_EXERCISE_
In the entries that follow, repeat exactly the lines from the one that has "- Living area" through the one that has "128620 | 2015-07134 |", but omit pictures.

_PROVIDED RECORDS_
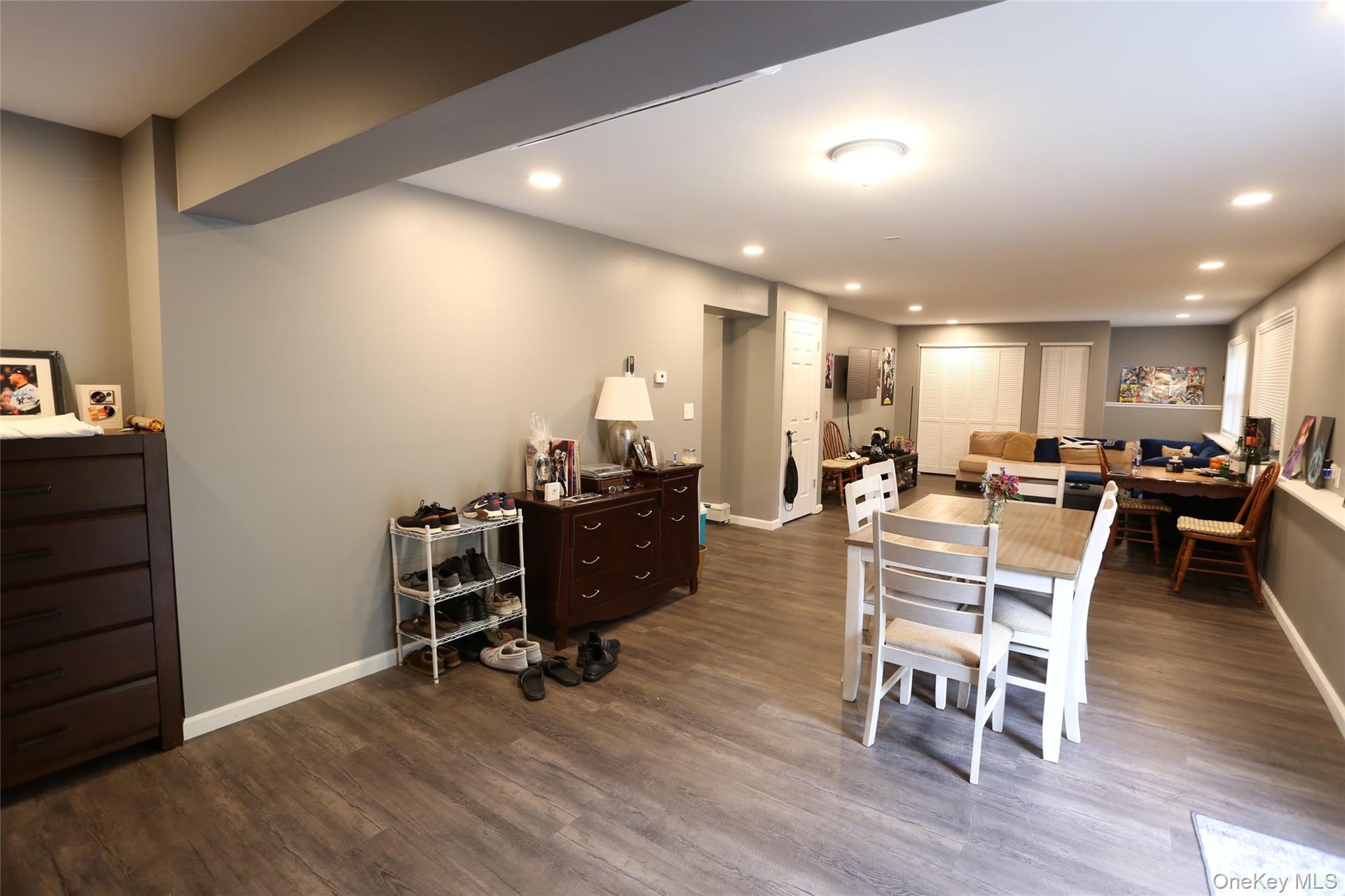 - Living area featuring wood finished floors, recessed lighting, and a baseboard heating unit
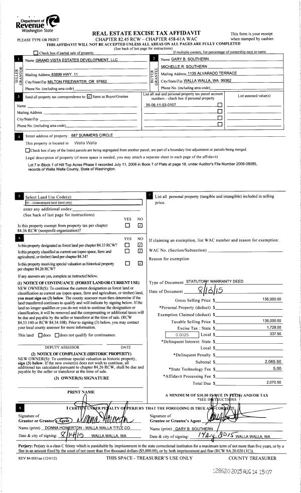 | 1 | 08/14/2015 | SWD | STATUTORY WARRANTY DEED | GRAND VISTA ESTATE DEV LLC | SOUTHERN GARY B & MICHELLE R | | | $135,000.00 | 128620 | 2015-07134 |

---

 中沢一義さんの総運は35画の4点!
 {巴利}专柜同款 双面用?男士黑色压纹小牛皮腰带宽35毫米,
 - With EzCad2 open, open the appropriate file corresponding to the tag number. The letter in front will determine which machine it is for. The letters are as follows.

_RESPONSE_
 - Living area featuring wood finished floors, recessed lighting, and a baseboard heating unit
 | 1 | 08/14/2015 | SWD | STATUTORY WARRANTY DEED | GRAND VISTA ESTATE DEV LLC | SOUTHERN GARY B & MICHELLE R | | | $135,000.00 | 128620 | 2015-07134 |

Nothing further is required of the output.